• We should now be fully online following an overnight outage. Apologies for any inconvenience, we do not expect there to be any further issues.

eSATA vs SATA

Carson Dyle

Diamond Member
Jul 2, 2012
8,173
524
126
Is there any difference between a native eSATA port on a motherboard and an eSATA port that is just a cable extended from a SATA header to a port on the front or rear of a case?

In other words, is eSATA just the connector/port itself?

If no, is there any difference in performance between the two?
 

Tsavo

Platinum Member
Sep 29, 2009
2,645
37
91
Essentially just that.

eSATAp ones also provide power, but good luck finding cables for them. Most of the eSATA devices need 1-2 USB headers for power.
 

corkyg

Elite Member | Peripherals
Super Moderator
Mar 4, 2000
27,370
240
106
eSATA cables are not hared to find. There is a difference between a true eSATA port and a simple SATA port. If you use the normal SATA port cabled to an eSATA device, it will be seen as an internal drive. You won't then be able to turn off write caching and thus you may lose true hot plugging.

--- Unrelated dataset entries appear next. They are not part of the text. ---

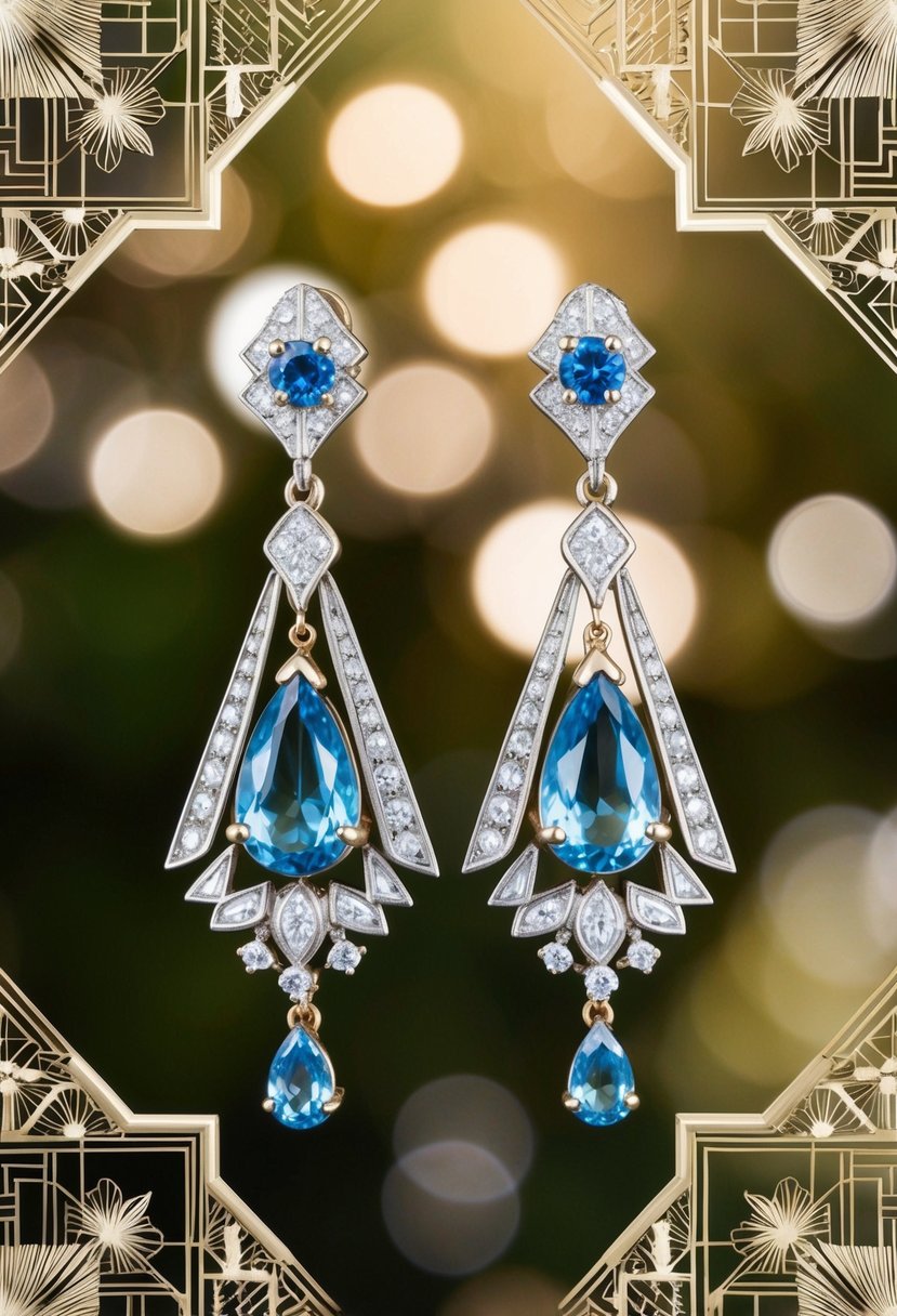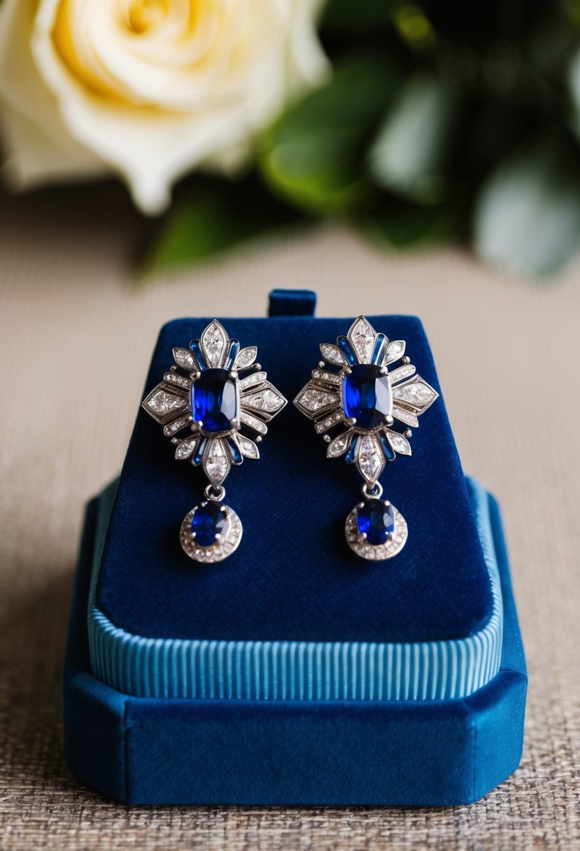 A Blue Accent Art Deco set can add a stunning touch to your wedding look. Consider earrings with blue sapphires or similar stones. The deep blue hue not only looks elegant but also fits the “something blue” tradition perfectly.
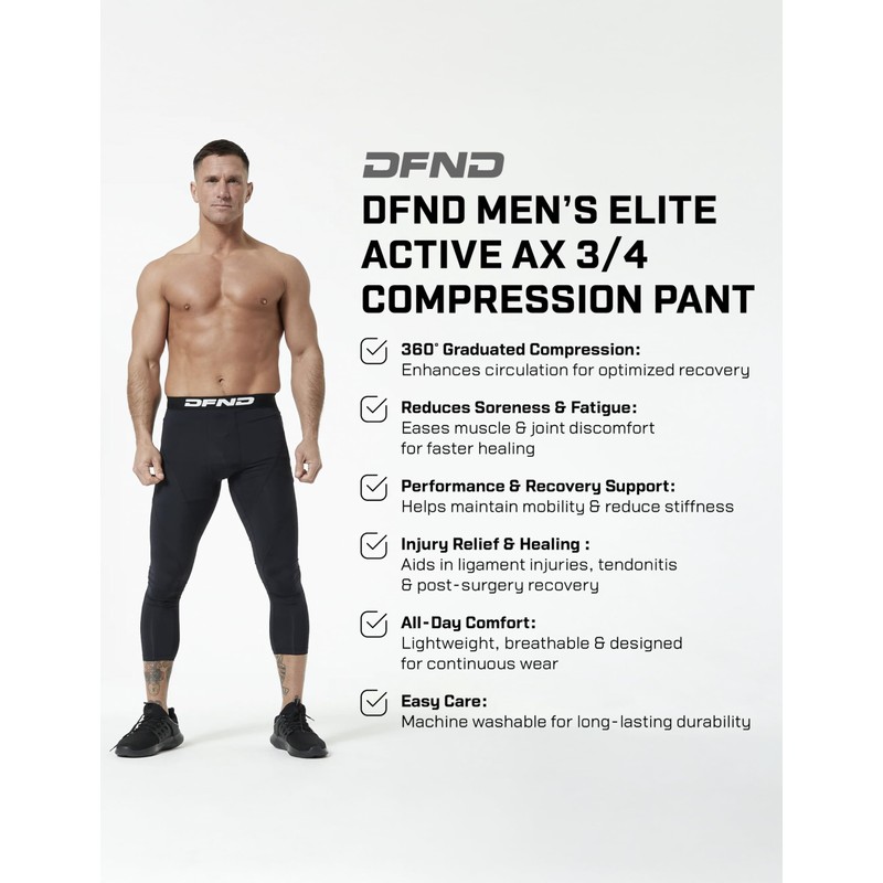 DFND Men's Elite Active Ax 3/4 Compression Pants – Graduated Compression for Recovery & Performance, Reduces Fatigue & Soreness, Made in USA - Black - Large
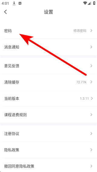 3、在設(shè)置界面里,點(diǎn)擊密碼選項(xiàng),進(jìn)入修改密碼頁面。
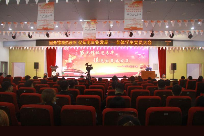 為認(rèn)真總結(jié)幾年來(lái)我校學(xué)生黨員不斷提高黨性修養(yǎng),增強(qiáng)黨員意識(shí),為學(xué)校的改革、發(fā)展和建設(shè)中做出的貢獻(xiàn),全面梳理存在的問(wèn)題和不足,進(jìn)一步明確我校學(xué)生黨員今后為中華民族偉大復(fù)興及我校建設(shè)發(fā)展中所承擔(dān)的任務(wù),學(xué)校黨委于2020年10月28日下午在圖書館報(bào)告廳召開(kāi)了以“當(dāng)先鋒模范表率,促光電事業(yè)發(fā)展”為主題的全體學(xué)生黨員大會(huì)。黨委書記韓秋葉、各分院黨總支副書記、全體輔導(dǎo)員和全體學(xué)生黨員參加此次會(huì)議,會(huì)議由黨務(wù)工作部部長(zhǎng)范爽主持。
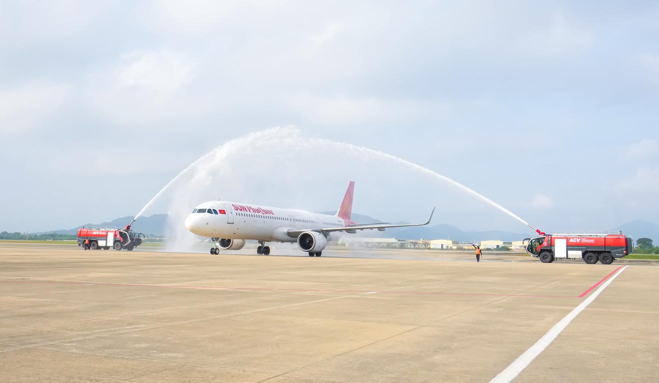 Chuyến bay đầu tiên của Sun PhuQuoc Airways hạ cánh xuống sân bay Đà Nẵng. Ảnh: Hương Mai

eSATA cables have squeeze latches - plain SATA do not.
 
Last edited:

GAO

Member
Dec 10, 2009
96
1
71
In order for eSATA to be transmitted on cables 2 meters in length, the minimum transmission voltage for eSATA was raised by 100 mV over (internal) SATA, and the minimum required receive voltage sensitivity at the device was lowered by 85 mV.

Your internal SATA chip isn't required to implement this and probably does not. You may be fine with shorter cable and maybe even longer, but it isn't guaranteed.

EDIT: I believe if you keep the cable length under 3 feet you should be fine.